Dataset records
>>>
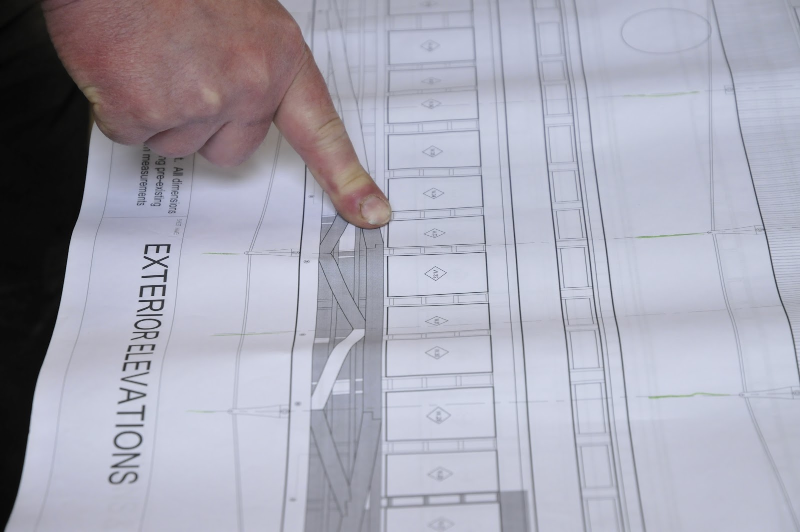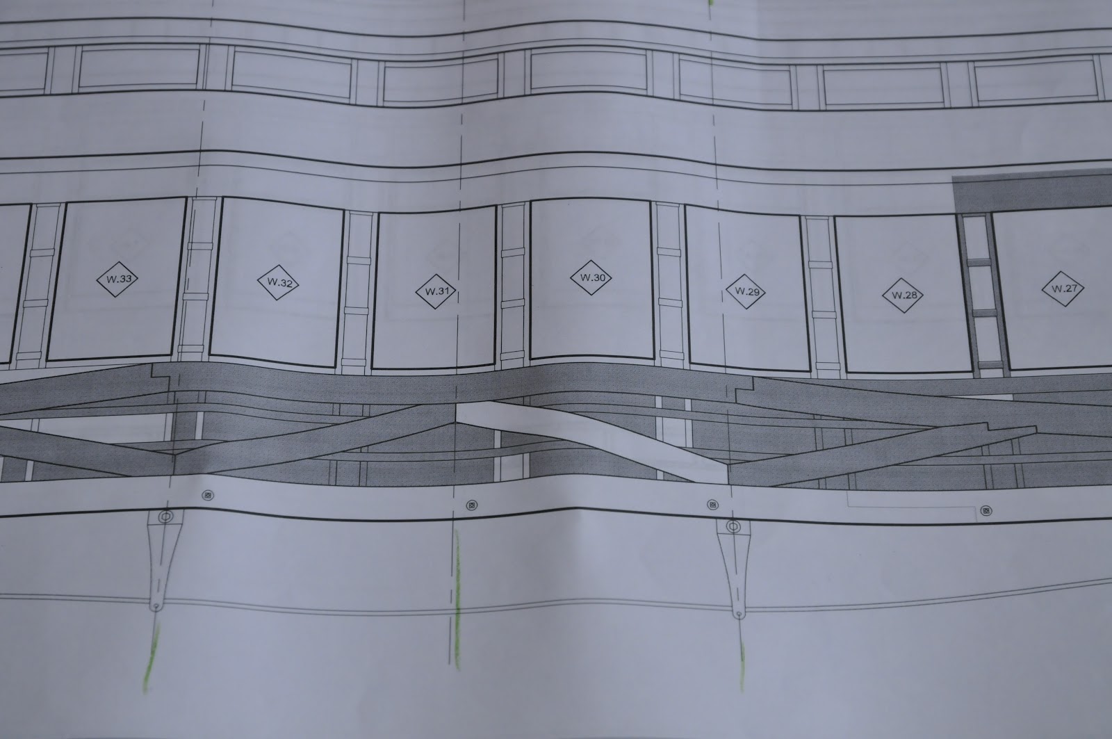 Details are important. Every window, beam and stud are shown. This is an elevation view of the left side of the car.
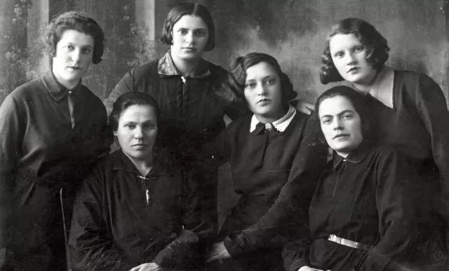 Women of our family: left to right: Fenia, wife of mamma's older brother Zalman Shub; Dvosia Shub, mamma's younger sister; my mother Basia Shub - the one on the right. Sitting from left to right: mamma's older sister Asia Shub; Raya Shub, middle brother Shelik's wife, stranger.
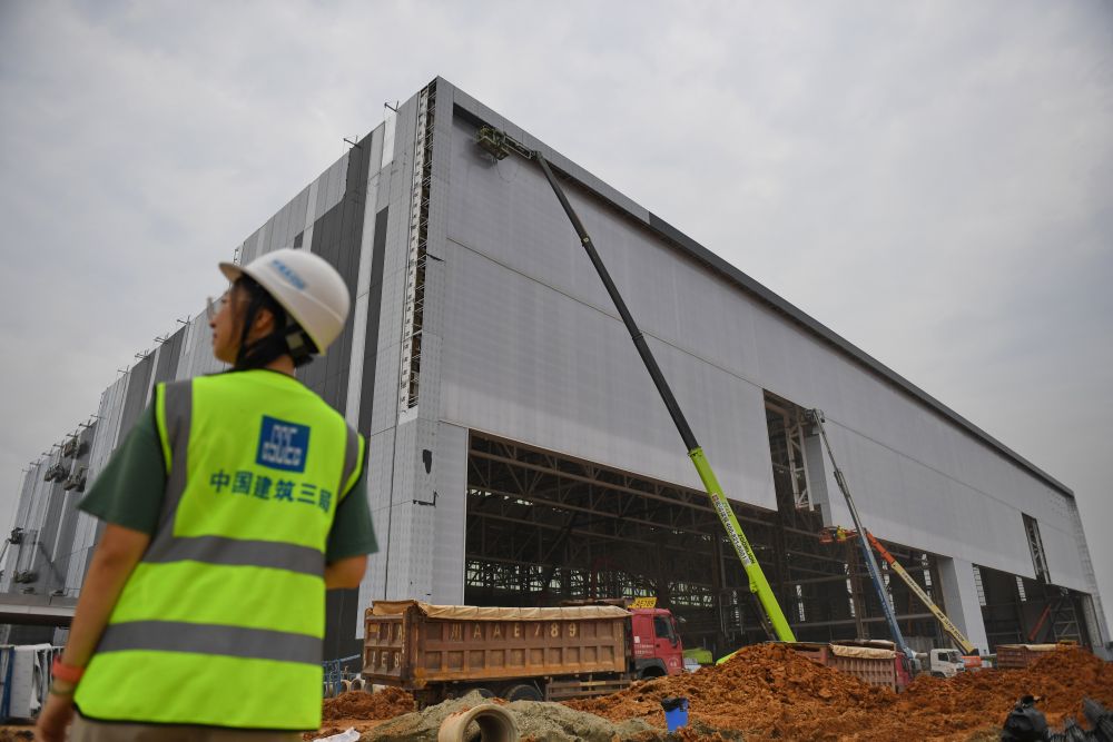 2023年8月15日,在位于四川省成都市双流区的空中客车(成都)飞机全生命周期服务有限公司项目建设现场,工人在作业。新华社发(李向雨 摄)
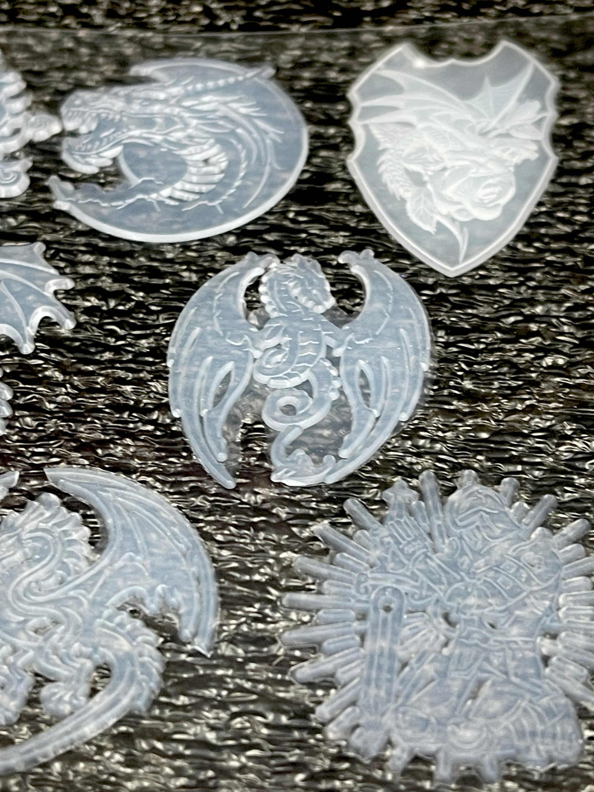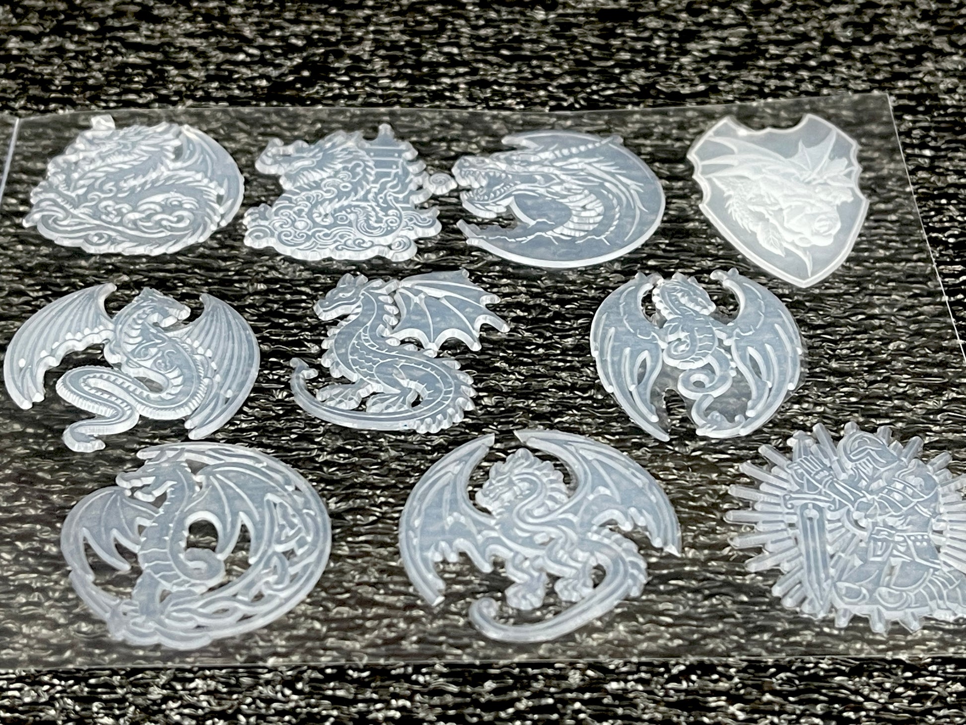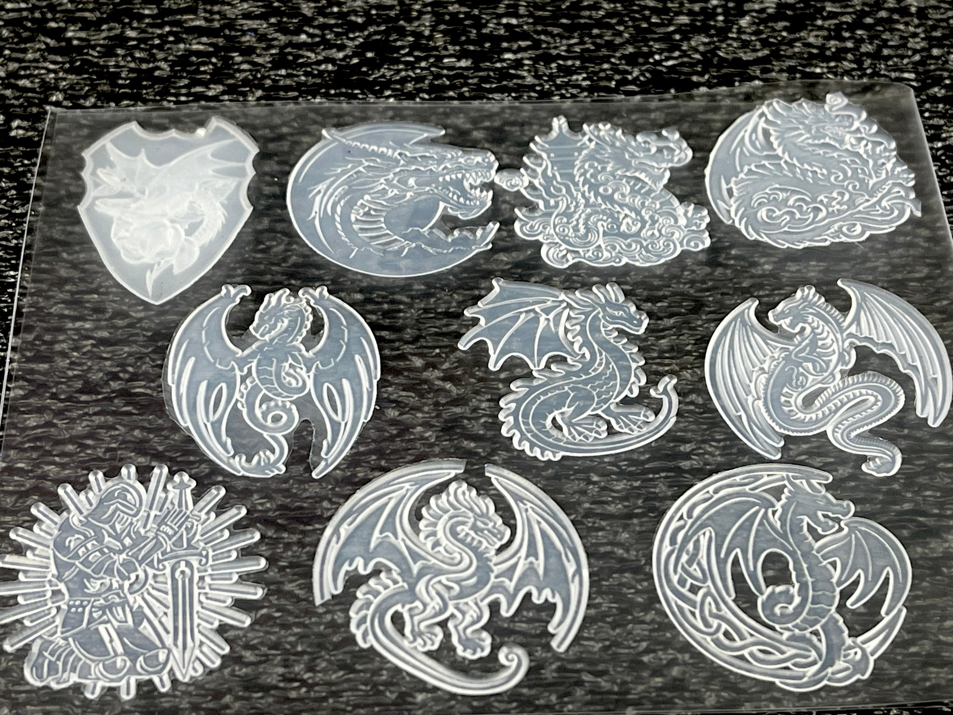 A selection of 8 Dragon and a Knight, tiny silicone inlays without borders and a shielded Dragon.
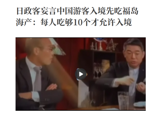 流传的视频片段显示,日本两名政客在一档电视节目中,就“中国全面禁止日本水产进口”,提出要对中国游客进行“报复”。
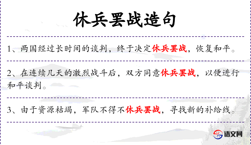 - 休兵罢战:停止军事行动,通常指暂时停止战斗。
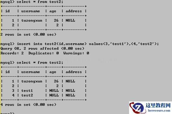 2、插入多条数据:insert into tablename(字段1,字段2) values(字段1的值,字段2的值),(字段1的值,字段2的值),(字段1的值,字段2的值)...;
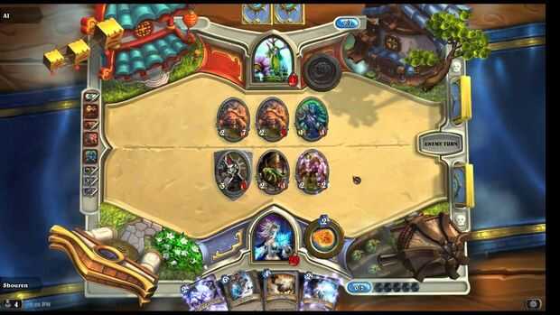 Cuando desee terminar su turno, usted tiene que haga clic en el botón derecho central para finalizar tu turno para que tu oponente puede jugar. Cuando tu oponente se hace y lo vuelve a usted. Luego dibujar una tarjeta, aumento de mana extra una ranura, y se vuelva a su barra de maná.
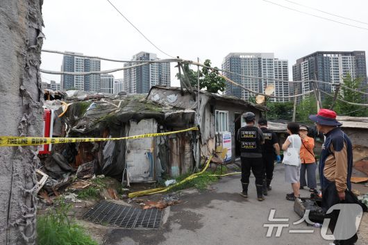 (서울=뉴스1) 이동해 기자 = 6일 오후 서울 강남구 구룡마을에서 화재가 발생한 가운데 경찰 과학수사 요원들이 현장 감식을 위해 출입을 통제하고 있다. 소방당국에 따르면 이날 오후 3시23분께 서울 강남구 구룡마을에 있는 공실에서 발생한 화재가 오후 4시52분께 완진됐으며 인명피해는 발생하지 않았다. 2025.7.6/뉴스1
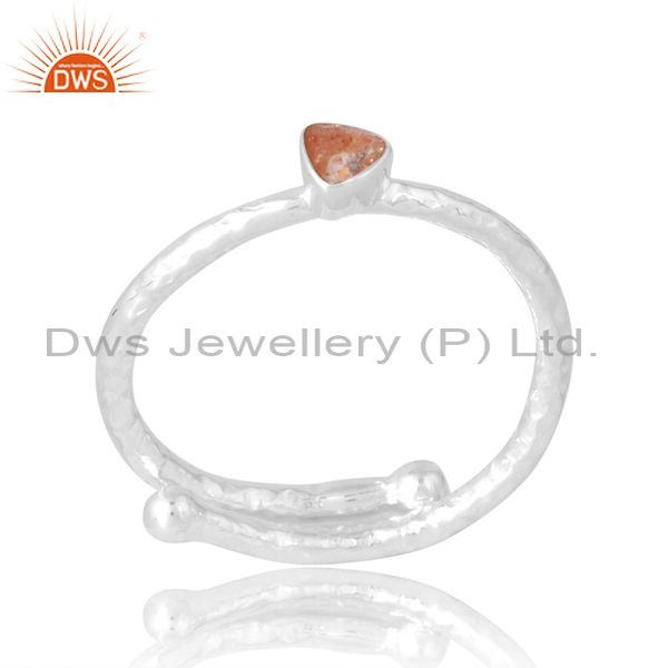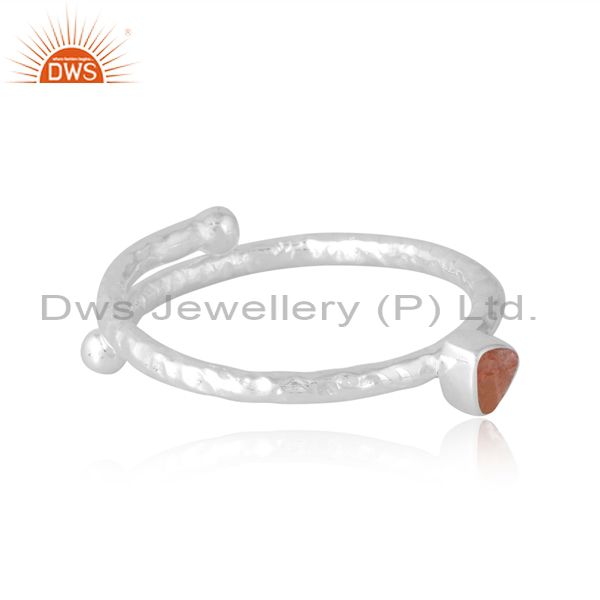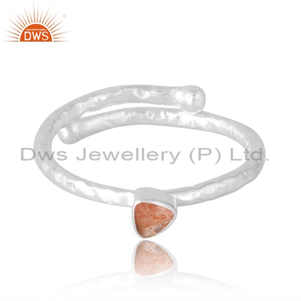 Silver Trillion Cut Sun Stone Band Unisex In Silver Metal
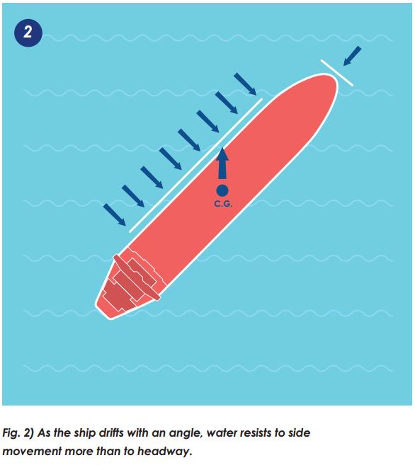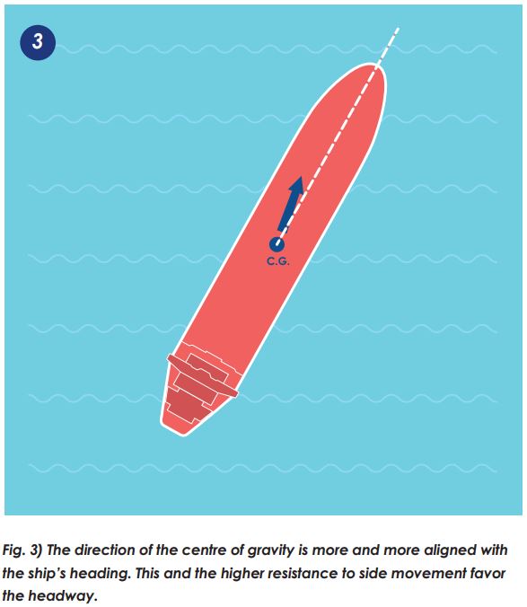 Usually, the reason to publish a technical essay is twofold. First you want to share findings with your peers. You hope that the ideas can be discussed and validated, that the added knowledge might one day play a part in improved professional acts. Secondly, you are seeking a date stamp, proving that you have expressed your ideas at a given moment. There is no patent for theories. The only retribution they bring is the recognition of authorship. If someone pretends that he or she figured it out before you, the burden of proof is on them and the date of issue of an article is a solid argument to back your position. My wife suggested a third reason to publish that was vaguely rhyming with self-glorification. I skilfully deflected that observation by telling her how beautiful she was and how I intended to wash the dishes and do the laundry for the rest of the month.These thoughts are sure to wake the butterflies in the stomach, but the preparation of a technical demonstration remains a hrill. So, I’ll give it a go, and try to shed a different light on a ship handling phenomenon: why the use of bow thruster can ause ships to gain headway?
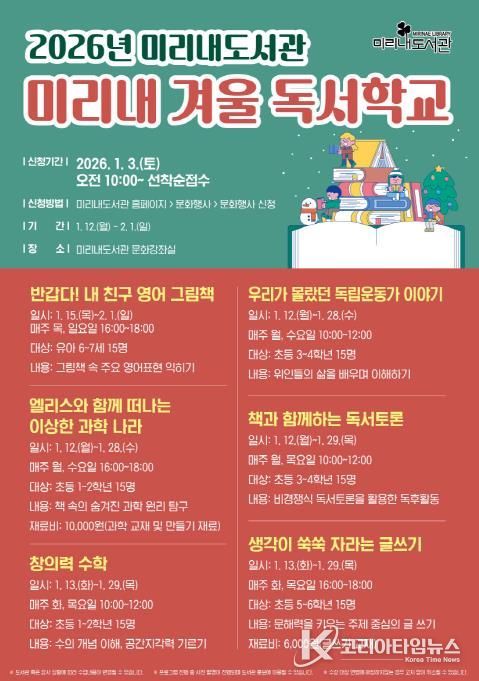 코리아타임뉴스 이아름 기자 | 원주시 미리내도서관은 오는 1월 유아와 어린이를 대상으로 ‘미리내 겨울 독서학교’를 운영한다.
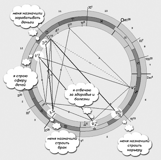 • импульс из одной сферы детонирует цепную реакцию по другим сферам – как детский паровозик, который колесит по замкнутой железнодорожной трассе («стало меньше денег – значит появилась угроза развода – значит скоро испортится здоровье»; «дали новую должность – значит появятся новые друзья – значит произойдет новое любовное знакомство»; таких сценариев карта может насчитывать десятки, главное – найти корешок, с чего начинается вся свистопляска, и уметь идентифицировать его в прогнозе);
<<<
What to do
Where an entry holds a picture, leave the picture out and output the rest exactly.

Task output
 Details are important. Every window, beam and stud are shown. This is an elevation view of the left side of the car.
 Women of our family: left to right: Fenia, wife of mamma's older brother Zalman Shub; Dvosia Shub, mamma's younger sister; my mother Basia Shub - the one on the right. Sitting from left to right: mamma's older sister Asia Shub; Raya Shub, middle brother Shelik's wife, stranger.
 2023年8月15日,在位于四川省成都市双流区的空中客车(成都)飞机全生命周期服务有限公司项目建设现场,工人在作业。新华社发(李向雨 摄)
 A selection of 8 Dragon and a Knight, tiny silicone inlays without borders and a shielded Dragon.
 流传的视频片段显示,日本两名政客在一档电视节目中,就“中国全面禁止日本水产进口”,提出要对中国游客进行“报复”。
 - 休兵罢战:停止军事行动,通常指暂时停止战斗。
 2、插入多条数据:insert into tablename(字段1,字段2) values(字段1的值,字段2的值),(字段1的值,字段2的值),(字段1的值,字段2的值)...;
 Cuando desee terminar su turno, usted tiene que haga clic en el botón derecho central para finalizar tu turno para que tu oponente puede jugar. Cuando tu oponente se hace y lo vuelve a usted. Luego dibujar una tarjeta, aumento de mana extra una ranura, y se vuelva a su barra de maná.
 (서울=뉴스1) 이동해 기자 = 6일 오후 서울 강남구 구룡마을에서 화재가 발생한 가운데 경찰 과학수사 요원들이 현장 감식을 위해 출입을 통제하고 있다. 소방당국에 따르면 이날 오후 3시23분께 서울 강남구 구룡마을에 있는 공실에서 발생한 화재가 오후 4시52분께 완진됐으며 인명피해는 발생하지 않았다. 2025.7.6/뉴스1
 Silver Trillion Cut Sun Stone Band Unisex In Silver Metal
 Usually, the reason to publish a technical essay is twofold. First you want to share findings with your peers. You hope that the ideas can be discussed and validated, that the added knowledge might one day play a part in improved professional acts. Secondly, you are seeking a date stamp, proving that you have expressed your ideas at a given moment. There is no patent for theories. The only retribution they bring is the recognition of authorship. If someone pretends that he or she figured it out before you, the burden of proof is on them and the date of issue of an article is a solid argument to back your position. My wife suggested a third reason to publish that was vaguely rhyming with self-glorification. I skilfully deflected that observation by telling her how beautiful she was and how I intended to wash the dishes and do the laundry for the rest of the month.These thoughts are sure to wake the butterflies in the stomach, but the preparation of a technical demonstration remains a hrill. So, I’ll give it a go, and try to shed a different light on a ship handling phenomenon: why the use of bow thruster can ause ships to gain headway?
 코리아타임뉴스 이아름 기자 | 원주시 미리내도서관은 오는 1월 유아와 어린이를 대상으로 ‘미리내 겨울 독서학교’를 운영한다.
 • импульс из одной сферы детонирует цепную реакцию по другим сферам – как детский паровозик, который колесит по замкнутой железнодорожной трассе («стало меньше денег – значит появилась угроза развода – значит скоро испортится здоровье»; «дали новую должность – значит появятся новые друзья – значит произойдет новое любовное знакомство»; таких сценариев карта может насчитывать десятки, главное – найти корешок, с чего начинается вся свистопляска, и уметь идентифицировать его в прогнозе);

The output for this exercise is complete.